Thanks for the information on fluids. I run 5–10 K without water until I get back home. I guess my greater concern is under-hydrating. I bike too but usually carry a 3-li-bladder which I refill after 30K. Some of my buddies limit their fluid intake taking in as little water as possible. I always say this could be harmful to them but old-tales of low fluid intake from old-timer bikers always out-reason me. What say?

This is a very good question and observation. It indeed is a old-timers’ myth. I’ve run into the same. It may be borne from the thought that drinking fluids while working out gives you cramps.

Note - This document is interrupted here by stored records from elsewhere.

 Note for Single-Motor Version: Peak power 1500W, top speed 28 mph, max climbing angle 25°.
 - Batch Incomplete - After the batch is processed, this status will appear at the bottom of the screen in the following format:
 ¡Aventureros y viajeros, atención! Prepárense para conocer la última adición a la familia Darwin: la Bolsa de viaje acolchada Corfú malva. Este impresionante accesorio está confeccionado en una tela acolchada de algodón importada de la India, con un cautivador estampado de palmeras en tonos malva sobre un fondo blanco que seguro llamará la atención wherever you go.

Like the myth that cold water is bad for you science has proven it all wrong. (Cold water is absorbed in the body faster than warmer water.) The keys of course are moderation in quantity so as not to cause complications and to stay hydrated both before and after workouts because it is rare that an athlete can take in all they lose in the workout.

Some points:
Hydration is highly individual. So doing the weighing exercise before and after a workout is one good technique to help to determine if you need to take in more fluids on a ride/run.

Under-hydrating is by far more common than over-hydrating. Use that weighing-in test to see if you need more fluids or not. As little as 2-3% body weight loss begins to affect performance. For a 70K (154#) guy that is only 2K (4-5 pounds or so).

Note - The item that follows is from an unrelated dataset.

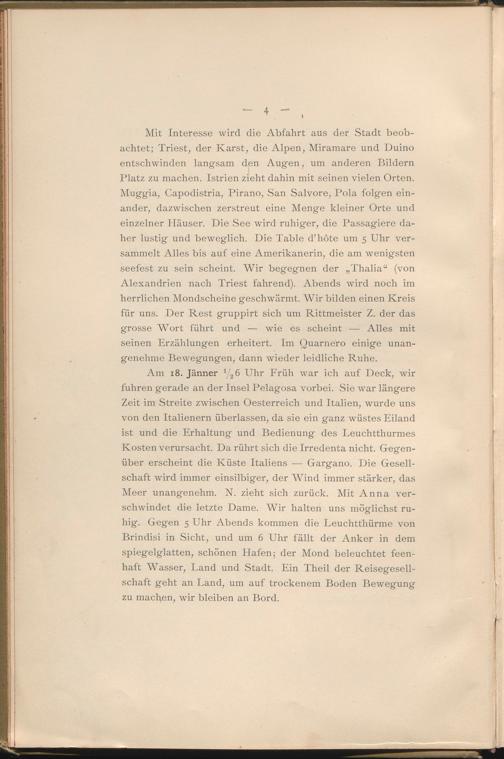 Am 18. Jänner 1 / 2 6 Uhr Früh war ich auf Deck, wir fuhren gerade an der Insel Pelagosa vorbei. Sie war längere Zeit im Streite zwischen Oesterreich und Italien, wurde uns von den Italienern überlassen, da sie ein ganz wüstes Eiland ist und die Erhaltung und Bedienung des Leuchtthurmes Kosten verursacht. Da rührt sich die Irredenta nicht. Gegenüber erscheint die Küste Italiens — Gargano. Die Gesellschaft wird immer einsilbiger, der Wind immer stärker, das Meer unangenehm. N. zieht sich zurück. Mit Anna verschwindet die letzte Dame. Wir halten uns möglichst ruhig. Gegen 5 Uhr Abends kommen die Leuchtthürme von Brindisi in Sicht, und um 6 Uhr fällt der Anker in dem spiegelglatten, schönen Hafen; der Mond beleuchtet feenhaft Wasser, Tand und Stadt. Ein Theil der Reisegesellschaft geht an Land, um auf trockenem Boden Bewegung zu machen, wir bleiben an Bord.

On a bike you can easily hydrate without the bloating or cramping possibilities that you will be more prone to in running. It is also so easy to carry more than enough fluids on a bike instead of on your person. Therefore, there is no excuse at all for not taking in adequate fluids.

“Heat” effects can begin in temps as low as 70F degrees (27C or so)! It has been shown that environmental temperatures above 65F (23C) WILL slow athletes down. And the effect is more dramatic in a non-acclimated athlete, a poorly conditioned athlete, youth and elderly. But make no mistake about it, even those who “love” the heat and “run great” in the heat slow down… most likely just not as much as others.

[By the way, if you set a PR in some race in temps above these thresholds you can guarantee that on the same course with temps 20F degrees lower you would have run even faster.]

Also individual adaptation is critical and knowing what you can handle as an athlete. I run 45 minutes or so without even a thought of stopping for fluids; even here in the desert with temps hitting well over 40C or 100F! It is NOT that I am advocating it. I’m just saying I know I easily handle it. And I’m smart enough to take fluids before and after to accommodate the effort.

In modest temps (25C/77F and less, or so) I can routinely go an hour and fifteen minutes to an hour and a half without thoughts of fluids.

[I’ve lived in the desert for 32 years and have learned about myself and heat both when I’m in shape as well as out of shape.]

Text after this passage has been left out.